Diagnosis of atrial fibrillation (AF) after stroke is essential for secondary prevention of stroke. Previous studies demonstrated that oral anticoagulation is superior to aspirin for stroke prevention in patients with AF.[1,2] With prolonged cardiac monitoring by a variety of techniques, AF is newly detected in nearly a quarter of patients with stroke. The China Atrial Fibrillation Screening in Acute Ischemic Stroke Patients (CRIST) trial, which recruited consecutive 1556 patients with ischemic and transient ischemic attack (TIA) within 7 days from October 2013 to June 2015, showed that prolonged monitoring evaluation (6 days) could increase AF detection to about 20% in China, of these 4.4% were newly detected AF. However, the available evidence demonstrated no significant benefit of oral anticoagulation for stroke prevention in such patients.[5–7] Although AF is a well-known risk factor for cardioembolic stroke, it is not always directly responsible for the embolism.[8,9] No consensus has been reached about the embolization risk for different duration of AF. It is crucial to evaluate whether the exact etiology of the stroke is related to the presence of AF.
Neuroimaging may help distinguish the cause of stroke. Cardioembolic stroke was associated with the presence of cortex-involved lesions with territorial distribution or confluent lesion (>15 mm) with additional lesions involving multiple vascular territories.[10,11]
In this imaging study of China Atrial Fibrillation Screening in Acute Ischemic Stroke Patients (CRIST) trial, we aimed to investigate the associations between the cortex-involved lesion on diffusion-weighted image (DWI), which indirectly suggests embolism mechanism of the index event, and the characteristics of AF (before or after stroke, persistent more or less than 24 h).
This study was conducted in accordance with the Declaration of Helsinki and was approved by the Ethics Committee of Beijing Tiantan Hospital. Informed written consent was obtained from all subjects or their next of kin if the consent from the patient was unavailable.
This was an imaging study of the CRIST trial. Between October 2013 and June 2015, 1511 acute ischemic stroke or TIA patients within 7 days after stroke onset at 20 Chinese hospitals were enrolled in this prospective, multicenter cohort, cross-sectional study. Initially, a total of 1556 patients were included in this study. Among them, 305 patients were diagnosed with AF by 6-day Holter monitoring. Those who were with required magnetic resonance imaging sequences (n = 243) were enrolled in our study [Figure 1].
AF was diagnosed as ≥1 period of absolute arrhythmia without detectable P-waves (episodes >30 s duration interpreted by Holter and episodes <30 s required manual review of all possible AF events).

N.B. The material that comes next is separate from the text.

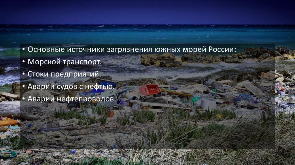 • Основные источники загрязнения южных морей России:• Морской транспорт.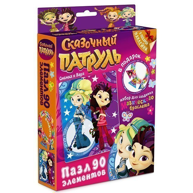 • АртикулПазл 90 элементов. Сказочный Патруль. + набор для создания магического браслета + наклейки. Асоорт (Возможно нарушена, помята упаковка, количество элементов как и указанно)

Previously known AF was diagnosed according to the medical history reported by the patients and the prior available medical records.
Clinical information such as demographic information, stroke risk factors, detailed medical history, and treatments were assessed as previously described.
The 6-day Holter monitoring initiated within 7 days after the index event using a commercially available 3-lead monitor device (iHolter, Yocaly Information Science & Technology Co., Ltd., Jinan, Shandong, China). Two investigators from central core laboratory analyzed the electrocardiograph (ECG) recordings blindly using dedicated analysis software (DoctorClient, Software version 220.127.116.11, Yocaly Information Science & Technology Co., Ltd.). All ECG recordings with suspected AF were subsequently evaluated by another independent observer. The first time and longest duration of bursts of AF for each patient were also recorded.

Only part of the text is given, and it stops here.